Your passion for sport could become your passport to travel if you follow the lead of James Burton. Sixteen years ago he realised that the best way to see the world was to get involved with different communities. So he set up Sporting Opportunities, which places volunteers with skills in a variety of sports. They now have projects in fifteen countries, with destinations as diverse as Ghana and the Caribbean.

“Most young people and students will be doing something sports focused with their studies,” says James. “We’ll help them gain new life experiences.”

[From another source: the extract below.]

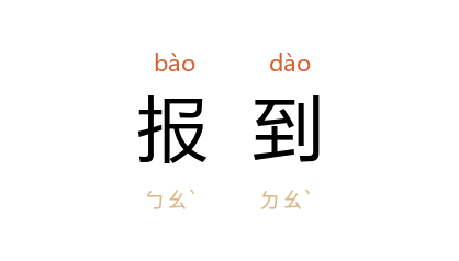 ⒈ 报告自己已经来到,通常为各种集会的一种到会手续。
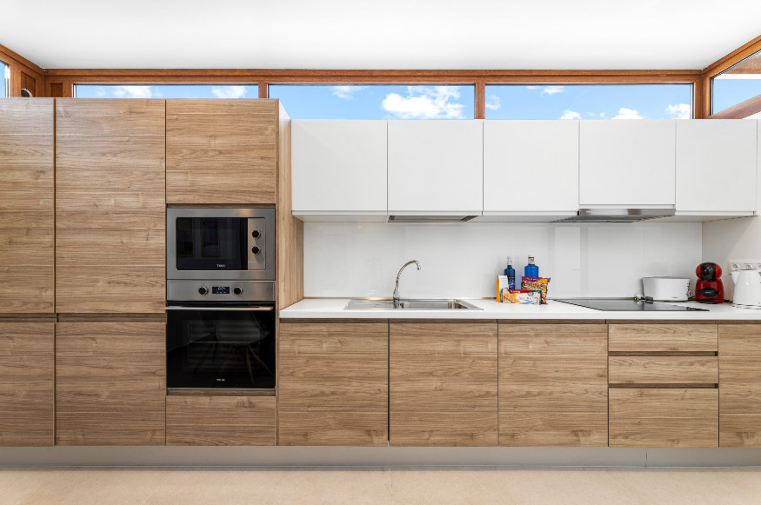 El interior de la villa destaca por su luminosidad y diseño contemporáneo. Cuenta con 3 baños completamente equipados, dos con ducha y uno con bañera, facilitando la convivencia de los huéspedes. La cocina está totalmente implementada con electrodomésticos de última generación, incluyendo lavadora, lavavajillas, horno, microondas, cafetera y una amplia variedad de utensilios que harán de la preparación de comidas una experiencia placentera.

James’ participants fund their own travel to their chosen location and pay a small fee to cover board and lodging in a safe environment. Recruits also go on tours and take part in sessions so they can better understand local customs and practices. Volunteers on a fortnight-long cricket placement in India will spend the first week on cultural orientation activities. The total fee is £525 and the payment also funds new sporting equipment for use within that community.

I asked James how Sporting Opportunities decides who goes where. “We talk to individuals about what is most appropriate for them and how much they like to be challenged,” he replied. “And of course, it depends on the sports that they are interested in and which countries offer those sports.”

As you might expect, football-coaching places are widely available. Rugby players can be employed in St Lucia, where James has forged a partnership with the national rugby body. One of the most vital roles is as a swimming teacher. And if you’re passionate about watersports, James will soon add kitesurfing and windsurfing in the Dominican Republic to the options list. “I’m also interested in people who can train youngsters in martial arts and Thai boxing,” he adds. “We can offer extra training for volunteers in that field.”

If you want to teach kids in Ghana how to box you’ll soon realise your role has a wider impact. “Some of the kids don’t go to school. We’re there to support them and teach them life skills and the importance of schooling and education,” James says.

The concept of volunteering abroad has changed and the traditional yearlong placement is waning in popularity. “A lot of people want to jump on and jump off quickly,” says James. “We encourage people to come for anything from one or two weeks, up to a full year.” But James promises that there’s still time to explore. “You’ll be living and working within a community and you’ll have free time in the evening and at weekends,” he says.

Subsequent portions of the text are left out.